Health & Wellness

How Foodstories Is Changing The Way Modern Men Look At Food And Wellness

Founders Avni and Ashni Biyani on mindful eating and breaking traditional, gendered approaches to food

Team Esquire India

Foodstories, founded by sisters Avni and Ashni Biyani, is reshaping how modern Indian men think about food and wellness. Moving beyond macros and calorie deficits, the brand champions joyful, intentional eating through curated ingredients, small-batch producers and cultural experiences. Backed by major investors and rapid expansion, it positions quality, convenience and pleasure as coexisting pillars of everyday self-care.

For the longest time, conversations around men's wellness have revolved around macros, protein intake, calorie deficits and the relentless pursuit of optimisation. The grocery aisle has largely remained an afterthought, viewed as a place to restock essentials rather than discover something new. 

But it won’t be wrong to say that this mindset is beginning to shift. More men are learning to cook, experimenting with specialty coffee, collecting hot sauces, investing in quality ingredients and treating food as an extension of their lifestyle.

This evolution is where sisters Avni and Ashni Biyani’s Foodstories believes it belongs. And looks like the bigwigs of the investing world believe in it, too. The company recently closed a Rs 50 crore funding round led by Zerodha co-founder Nikhil Kamath, with continued backing from the Narotam Sekhsaria family office that has supported the platform since its first store opened in Delhi back in 2024. From this outlet, the company has expanded to Bengaluru and Hyderabad before landing in Mumbai this month, growing fast enough in its first year alone to triple-digit revenue gains.

Ask Avni Biyani why any of this matters to a man who has never thought twice about his pantry, and she goes straight to the personal. "Food is how we care for ourselves, express our values, connect with others and discover the world." It’s an answer that sounds like it came straight out of a monologue from The Bear, but it makes so much sense when you come back to think about it. So much of our values, how we celebrate life (or simply go about it) has to do with food.
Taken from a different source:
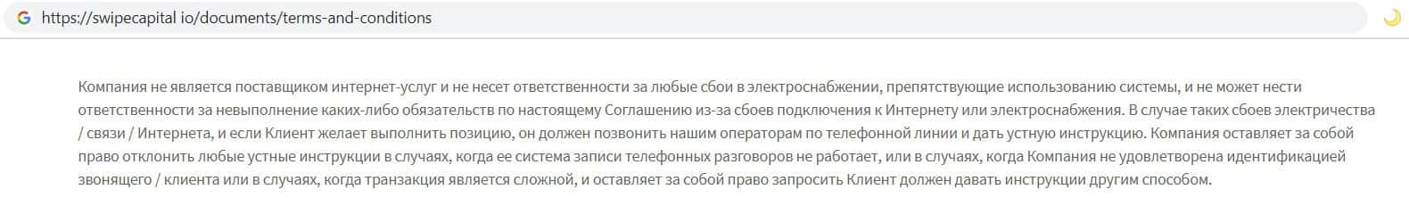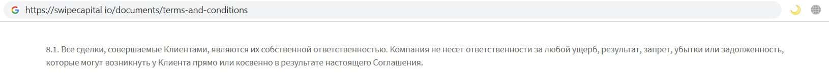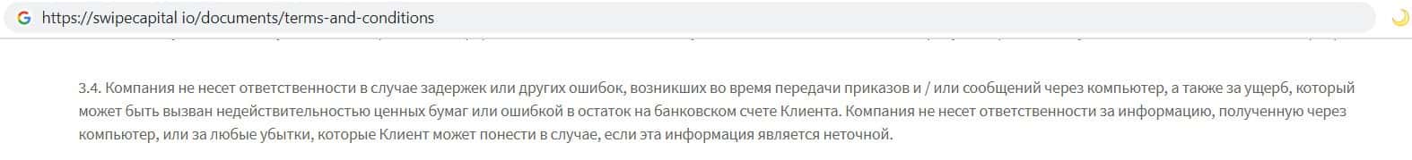 Так же финансовый лохотрон Свайп Капитал отказался от ответственности за любые убытки клиентов, которые тот может понести в случае сотрудничества с данной компанией.

“Wellness has become overly associated with optimisation,” she adds. “A well-lived life isn't about eliminating pleasure—it's about creating balance. Food shouldn't feel like a reward or a punishment. It should be something that brings people together, sparks conversation, celebrates culture and supports well-being.

“For us, wellness isn't measured by how many things you've cut out of your diet. It's measured by whether your relationship with food is joyful, intentional and sustainable.”

Her sister Ashni doubles down on this idea. To them, the goal of Foodstories is to create "a place that celebrates food in all its dimensions. Somewhere you could discover a small-batch pickle from a founder in Kerala, learn about the difference between two olive oils, stay back for a cocktail, meet the maker behind a brand, or simply have a conversation over coffee."

More Than India's Erewhon

Naturally, a store of this stature would bring comparisons with global brands like Erewhon. "We're flattered by the comparison because Erewhon has done an incredible job of making food culturally relevant," says Avni Biyani. The company's ambitions, however, are firmly rooted in India's evolving food ecosystem. "At Foodstories we're building a cultural space that evolves with the consumer. A space where we would love to champion an evolving ecosystem of growers, makers and producers while also introducing the world's best products to Indian consumers.”

But isn't there no dearth of options when it comes to food? And in a largely agricultural country, how do the sisters decide farmers, producers, bakers or brands get a slot at their platform? "We're less interested in the size of a business than the intent behind it,” explains Ashni. “We're constantly asking: does this product have a reason to exist? Is the founder solving a real problem? Are they preserving a tradition? Are they pushing a category forward? Is there genuine craft involved? Does it taste exceptional?”

At the end of this brainstorming, they're left with brands that are so particular about their produce that even the everyday rice and dal become a dish to relish anew. That, perhaps, is Foodstories' biggest proposition. It isn't asking consumers to choose between quality and convenience, or between wellness and indulgence. Instead, it is betting that the two can coexist.

As Avni puts it, "The opportunity isn't to ask people to compromise between the two. It's to make quality more accessible within everyday life." Whether through better ready-to-eat meals, thoughtfully sourced pantry staples or founder-led brands reimagining everyday categories, the goal is to make better food the easier choice.

For a generation of men who increasingly see cooking and eating well as an act of discipline to reach an ideal physical standard, Foodstories is a call to look at food (and health) as a means to cherish oneself, body and soul.